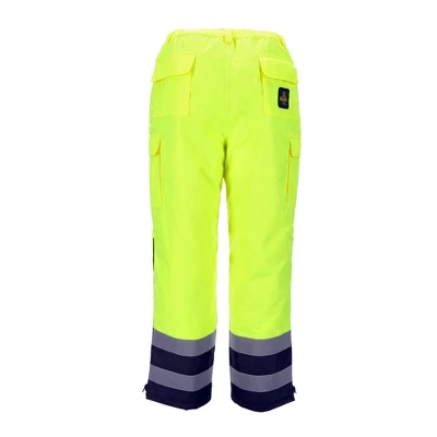 When the workday demands staying warm, dry, and visible, our HiVis Insulated Waterproof Pants are your ultimate companion. These lightweight work pants are designed to withstand harsh winter conditions down to 0°F while keeping you comfortable and protected.With 120g polyester insulation and a fleece-lined polyester oxford outershell, these pants offer superior warmth without weighing you down. The waterproof and wind-tight finish ensures you stay dry and shielded from the elements.Featuring a comfort-stretch elastic waist with belt loops, these pants provide a flexible fit that moves with you. The reinforced heels enhance durability, ensuring long-lasting performance. Equipped with 2 cargo pockets and 2 back pockets, you’ll have ample storage for your essentials.Safety is important, which is why these pants have high-visibility colors and 2″ reflective tape, meeting ANSI Class E standards. Stand out and stay visible even in low-light conditions.
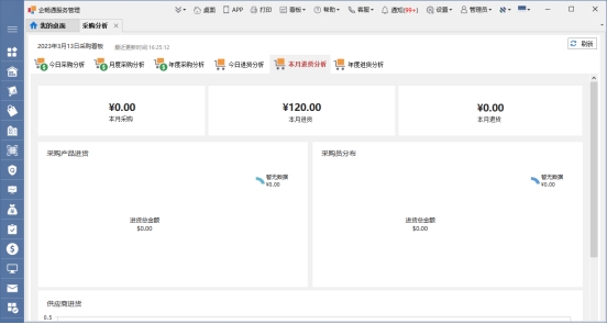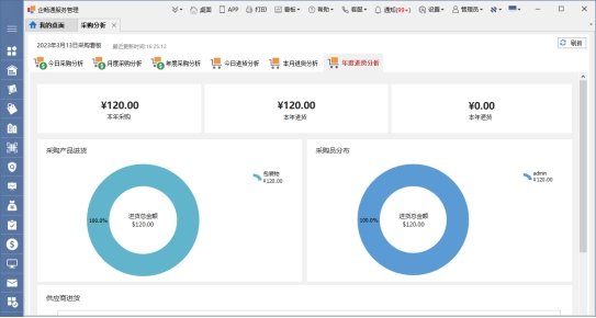 年度进货分析统计本月采购进货金额,年度下单金额,退货金额。按照产品分类统计接单,按照采购员统计采购额,按照供应商接单金额进行图例分析
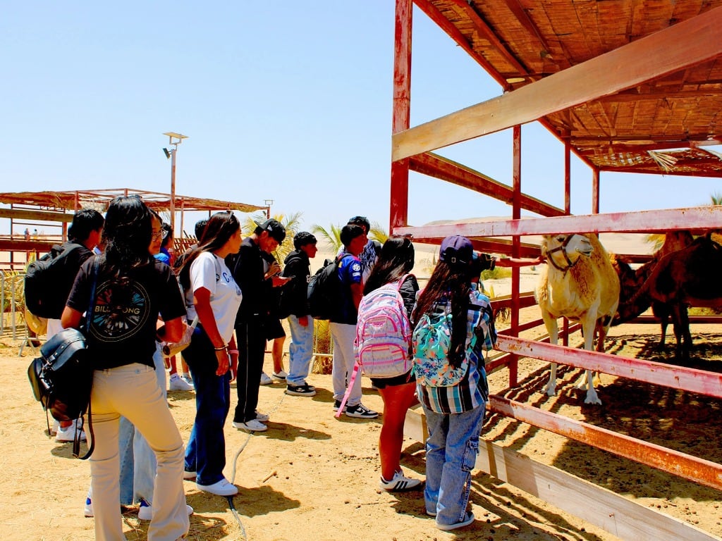 La actividad reunió a los alumnos de la I.E. Juan Pablo Fernandini, quienes realizaron un recorrido por las diferentes áreas recreativas, aprendiendo sobre el cuidado de los dromedarios y participando en dinámicas diseñadas para reforzar valores como la convivencia, la socialización y la inclusión.
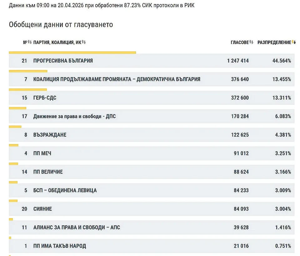 Централната избирателна комисия публикува нови междинни резултати от парламентарните избори при 87,23 процента обработени протоколи на секционните избирателни комисии. Данните затвърждават категоричната преднина на Прогресивна България на Румен Радев. Очертава се ясна конфигурация на силите в следващия парламент. Финалното разпределение ще бъде потвърдено след приключване на преброяването.
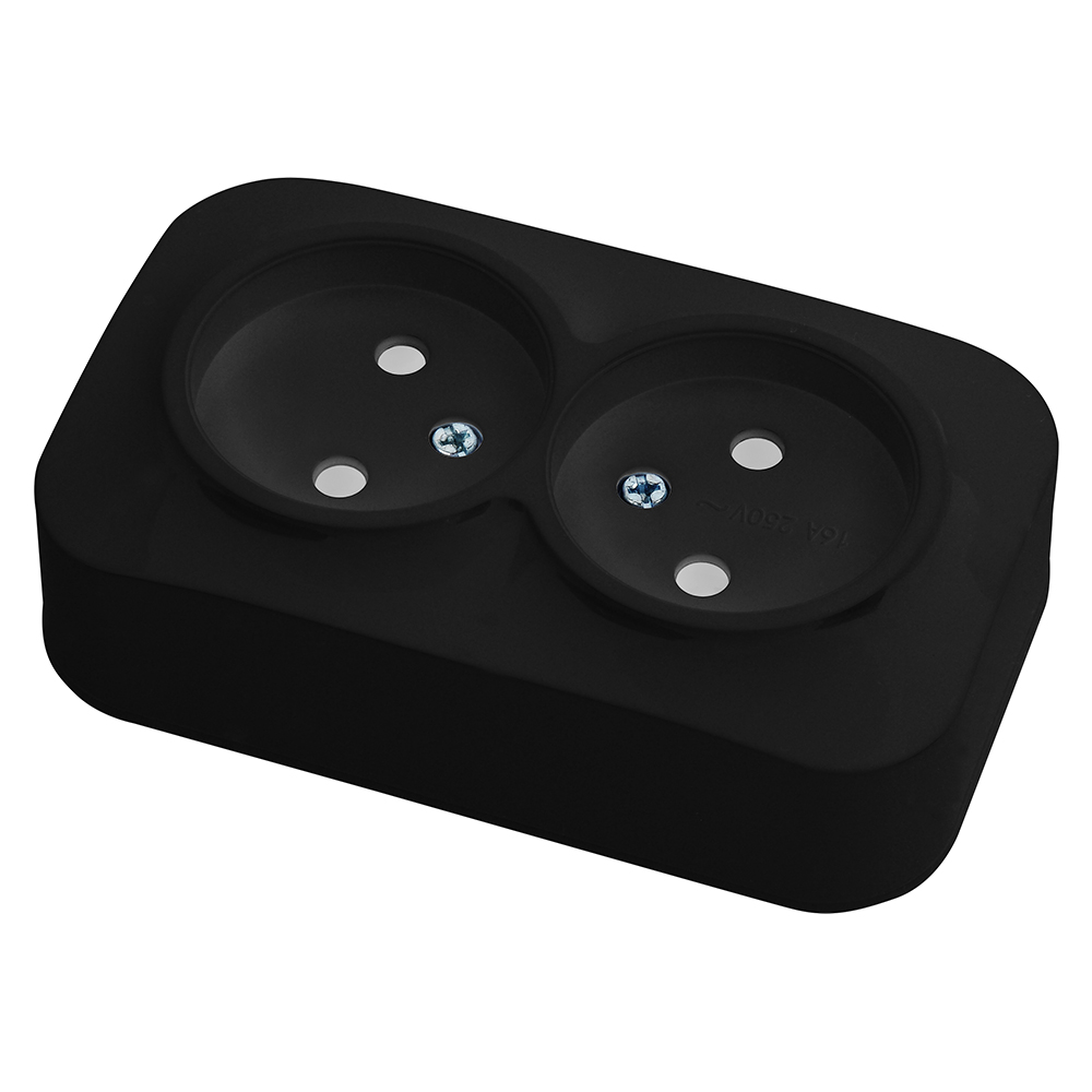 Розетка накладна 2-на чорна EVA
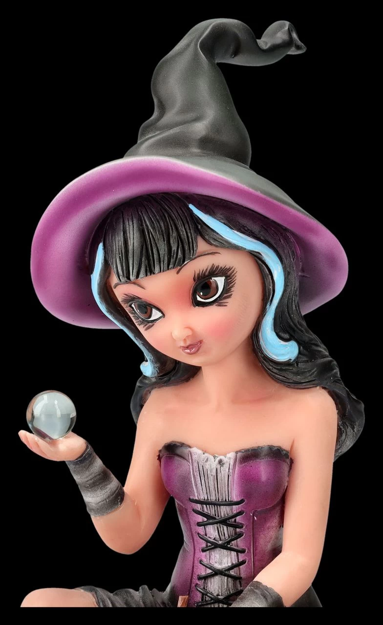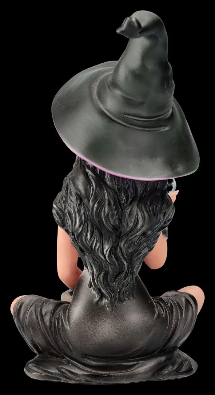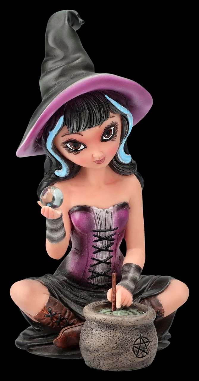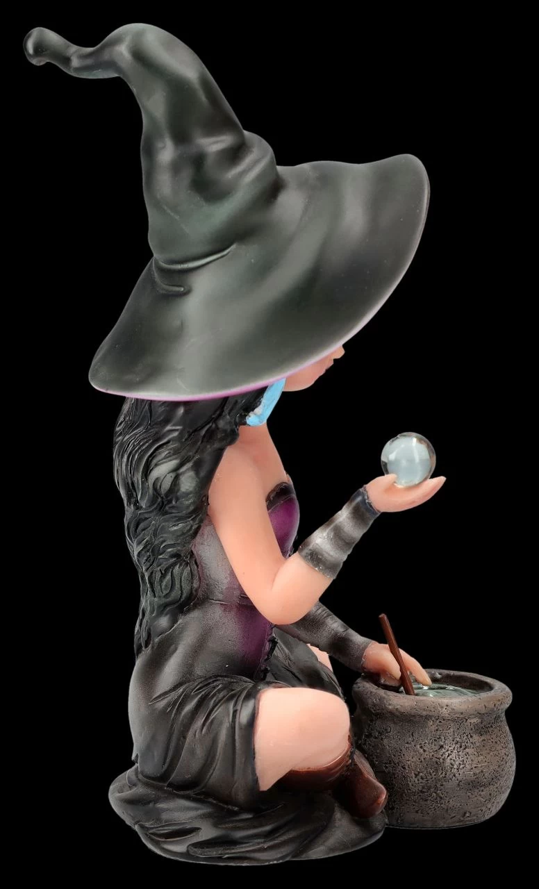 In ihrem lila-schwarzen Kleid und Hexenhut sitzt Pruedence vor dem Hexenkessel, in dem sie ihren Zaubertrank braut. Während sie mit der linken Hand im Kessel rührt, zeigt sie uns mit der rechten Hand ihre magische Zauberkugel. Ist Pruedence die gefährlichste unter ihren Schwestern – oder wirkt das nur so? Mit den großen Augen und dem Augenaufschlag wirkt sie eher unschuldig – aber kann man ihr trauen? Die 15 cm hohe, 8 cm breite und 7,5 cm tiefe Hexen Figur ist detailreich aus Kunststein (Polyresin) gefertigt und liebevoll von Hand bemalt. Die bezaubernde Hexe Proedence ist – vielleicht auch gleich mit ihren Hexenschwestern aus unserem Shop – auch ein wunderbares Geschenk.
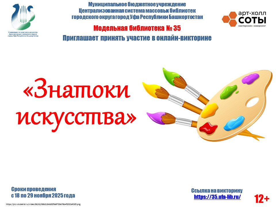 Приглашаем вас в онлайн‑викторину «Знатоки искусства» — лёгкое и увлекательное занятие для всех, кто любит искусство или только начинает им интересоваться.
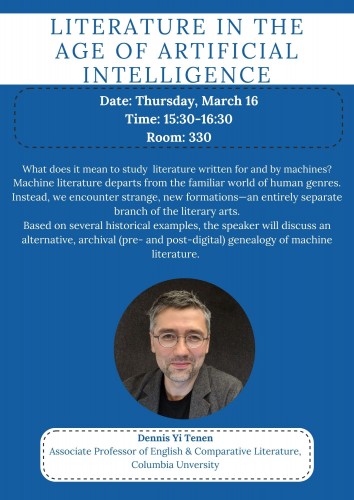 "Literature in the Age of Artificial Intelligence" talk by Dr. Dennis Yi Tenenan

Problem statement:
Everything in the records above must be restated verbatim, save for the pictures.

Result of this exercise:
 When the workday demands staying warm, dry, and visible, our HiVis Insulated Waterproof Pants are your ultimate companion. These lightweight work pants are designed to withstand harsh winter conditions down to 0°F while keeping you comfortable and protected.With 120g polyester insulation and a fleece-lined polyester oxford outershell, these pants offer superior warmth without weighing you down. The waterproof and wind-tight finish ensures you stay dry and shielded from the elements.Featuring a comfort-stretch elastic waist with belt loops, these pants provide a flexible fit that moves with you. The reinforced heels enhance durability, ensuring long-lasting performance. Equipped with 2 cargo pockets and 2 back pockets, you’ll have ample storage for your essentials.Safety is important, which is why these pants have high-visibility colors and 2″ reflective tape, meeting ANSI Class E standards. Stand out and stay visible even in low-light conditions.
 年度进货分析统计本月采购进货金额,年度下单金额,退货金额。按照产品分类统计接单,按照采购员统计采购额,按照供应商接单金额进行图例分析
 La actividad reunió a los alumnos de la I.E. Juan Pablo Fernandini, quienes realizaron un recorrido por las diferentes áreas recreativas, aprendiendo sobre el cuidado de los dromedarios y participando en dinámicas diseñadas para reforzar valores como la convivencia, la socialización y la inclusión.
 Централната избирателна комисия публикува нови междинни резултати от парламентарните избори при 87,23 процента обработени протоколи на секционните избирателни комисии. Данните затвърждават категоричната преднина на Прогресивна България на Румен Радев. Очертава се ясна конфигурация на силите в следващия парламент. Финалното разпределение ще бъде потвърдено след приключване на преброяването.
 Розетка накладна 2-на чорна EVA
 In ihrem lila-schwarzen Kleid und Hexenhut sitzt Pruedence vor dem Hexenkessel, in dem sie ihren Zaubertrank braut. Während sie mit der linken Hand im Kessel rührt, zeigt sie uns mit der rechten Hand ihre magische Zauberkugel. Ist Pruedence die gefährlichste unter ihren Schwestern – oder wirkt das nur so? Mit den großen Augen und dem Augenaufschlag wirkt sie eher unschuldig – aber kann man ihr trauen? Die 15 cm hohe, 8 cm breite und 7,5 cm tiefe Hexen Figur ist detailreich aus Kunststein (Polyresin) gefertigt und liebevoll von Hand bemalt. Die bezaubernde Hexe Proedence ist – vielleicht auch gleich mit ihren Hexenschwestern aus unserem Shop – auch ein wunderbares Geschenk.
 Приглашаем вас в онлайн‑викторину «Знатоки искусства» — лёгкое и увлекательное занятие для всех, кто любит искусство или только начинает им интересоваться.
 "Literature in the Age of Artificial Intelligence" talk by Dr. Dennis Yi Tenenan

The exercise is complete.